Web exploits: what they are and how to defend oneself (Part 1)

We wanted to devote ample space to the topic of “Web Exploit,” a topic that every IT manager should govern with domesticity; therefore, we will publish two complementary articles.

» Part 1: the present article
» Part 2: “Stay Tuned.”

1. Vulnerabilities, web exploits, patches

In order to understand what web exploits are and what they are used for, it is important to start with the concept of “vulnerability,” which, in a sense, is the enabling factor for the exploit and allows it to be used. Therefore, vulnerability and exploit are closely related: in order for a web exploit to act there must be one or more vulnerabilities.

Vulnerabilities (also called “bugs”) are the weaknesses found within software: each software is – by definition – imperfect, precisely because it is created by human beings. In order to give a sense of scale: the Microsoft Windows operating system contains more than 50 million lines of code, the set of all Google services, up to 40 times as much as Google (2 billion lines).

It is inevitable that within such complex software some flaws, some more or less serious, are hidden. These “flaws” in the security of a program are, in fact, called vulnerabilities and can be exploited to bring an attack to the computer system. Virtually every attack uses vulnerabilities (whether they be of the computer system or the human factor) to enter the system.

In order to understand the importance that a vulnerability may have – or may not have – we must assess how exploitable it actually is. In other words, a vulnerability poses a risk only if the threat is able to exploit it in order to execute an attack.

Actually, not all vulnerabilities can be exploited for malware distribution. Some may not be exploitable because security systems prevent someone from using them, or their exploitation may be too costly compared to the results that would be obtained.

A vulnerability not yet discovered or that is known only to a few, but unknown to software developers (who then had “zero days” to fix it), is called a “Zero-Day Vulnerability.” These are the most feared because if an attacker – and he alone – knows about it, he would have a weapon in his hand capable of doing serious damage. Zero-Day exploits take advantage of precisely these flaws.

When the vulnerability becomes known, it is c day, alled “n-day,” and, at this time, it is usually repaired by a software update. Such a security update is called a “patch“. When the patch is made available (by the software manufacturer), the vulnerability can be rendered harmless, but only if the patch is installed, and this – as we shall see – may not happen, still leaving the system vulnerable.

Known vulnerabilities are classified as Common Vulnerabilities and Exposures, abbreviated as CVE (“common vulnerabilities and exposures”). The Mitre Corporation, an agency funded by the U.S. Department of Homeland Security’s Federally Funded Research and Development Centers (FFRDCs), keeps this classification updated.

Each vulnerability is cataloged in the aforementioned MITRE site with the classification defined as: CVE – year – sequential number.

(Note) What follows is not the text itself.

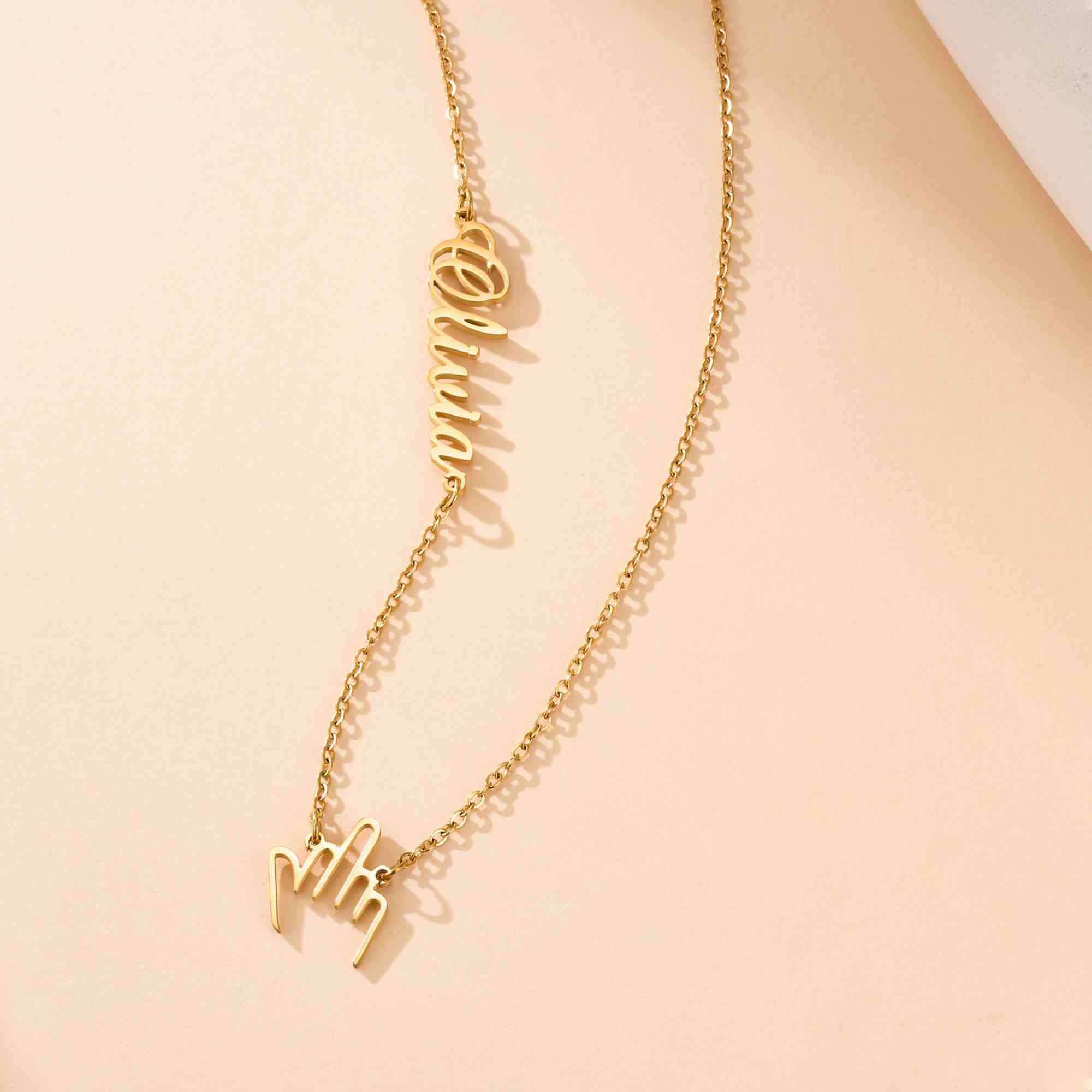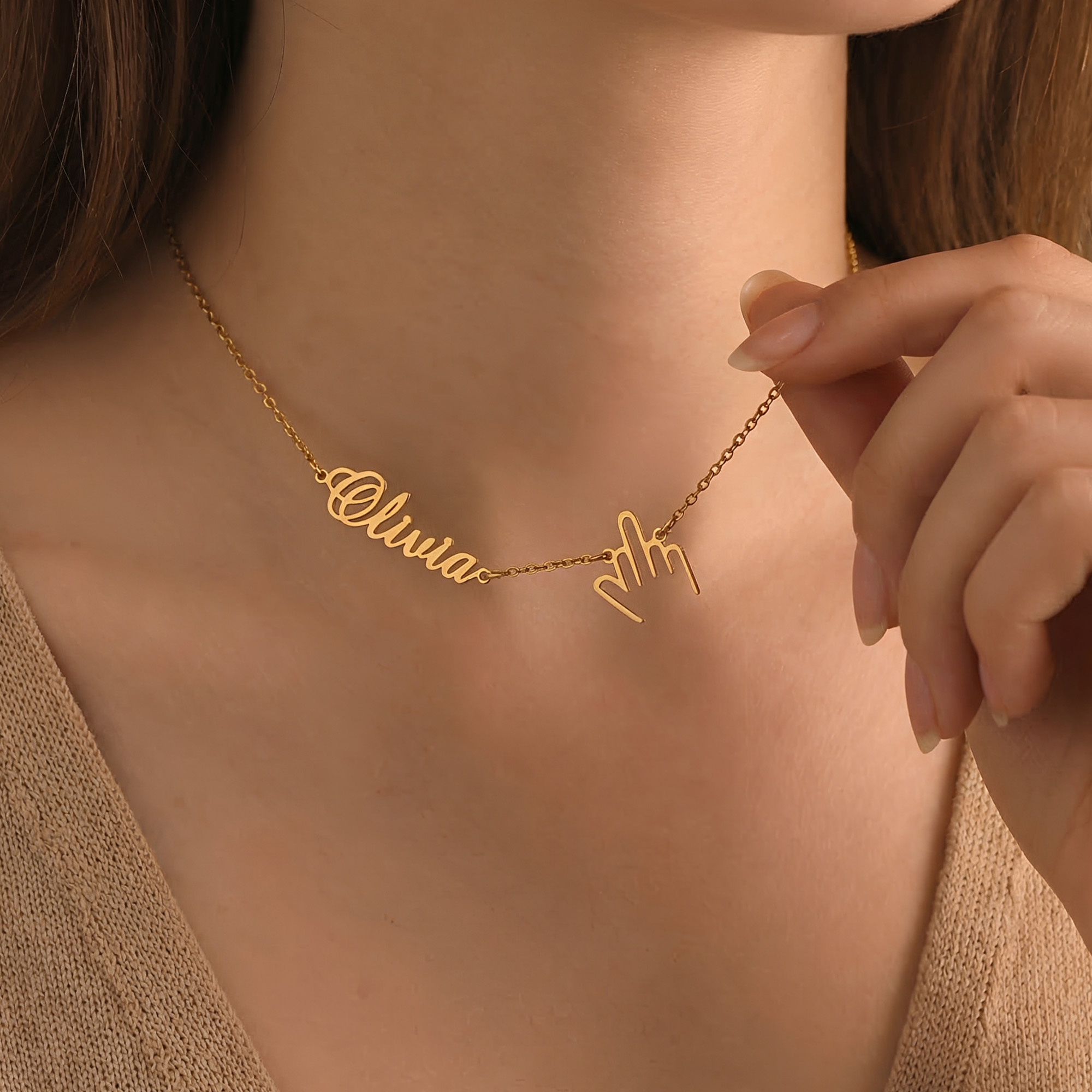 Bold Minimalist Design - This sideways name necklace pairs a tiny middle finger charm with clean, simple lettering. The playful “F**k You” gesture adds a cheeky edge while keeping a sleek, everyday look that stands out without being loud.

For example: CVE-2019-0708 is the famous vulnerability affecting the Windows Remote Desktop Protocol (RDP) which can be exploited by a Remote Code Execution (RCE) attack from the Bluekeep web exploit, which we will discuss later.
Vulnerabilities are classified according to the level (score) of severity.

One of the most widely used is the Common Vulnerability Scoring System (CVSS). This is a method of identifying the main characteristics of a vulnerability and producing a numerical score that reflects its severity. The numerical score can then be translated into a qualitative representation (such as low, medium, high, or critical) in order to help organizations properly assess and prioritize their vulnerability management processes.

CVSS is now a public standard used by organizations around the world. Its usage by U.S. agencies was recommended by the National Institute of Standards and Technology (NIST) in “NIST Special Publication (SP) 800-51, Use of the CVE Vulnerability Naming Scheme,” which was initially released in 2002.

Below, we have reproduced the CVSS v3.0 Ratings table, taken from the NIST’s NVD site, where it can be seen that the severity level of a vulnerability can range from a score of 0.0 up to 10.0 for the most critical ones.

A handy Common Vulnerability Scoring System Calculator for computing the score is also available on the same site.

An Exploit is a code (program) created to exploit a vulnerability in order to carry out an attack on a computer system: computer “exploitation” is precisely the exploitation of a vulnerability.

If the exploit is created for a zero-day vulnerability, we are speaking about zero-day exploits. These are obviously the most dreaded because there is still no patch that has closed that vulnerability.

Only the attacker has discovered that vulnerability, and only he knows how to exploit it. In order to respond to the attack, the software developer must create and release a patch, which will be able to protect only those who install it, obviously only after its release and after the vulnerability has become known.

This is precisely why zero-day vulnerabilities can have a huge commercial value: the most valuable ones are quoted as high as $2.5 to $3 million. We can see this on the website of the Zerodium company, founded by Chaouky Bekrar, who had previously created Vupen and who quotes a zero-click vulnerability for Android as high as $2.5 million.

There are many companies that-more or less transparently-trade these vulnerabilities.
These include Crowdfense, a Dubai-based company led by Italian Andrea Zapparoli Manzoni (a member of Clusit), which launched its first “Bug Bounty Program” in April 2018, allocating a budget of $10 million to purchase zero-days vulnerabilities. In 2019, the program was expanded with an additional $15 million.

The price recognized for each individual vulnerability submission ranges from US$100,000 to US$3 million. The program targets software researchers and has mainly police, intelligence, and government as clients. Crowdfense’s stated purpose is to make the market for buying and selling vulnerabilities and exploits transparent and legal.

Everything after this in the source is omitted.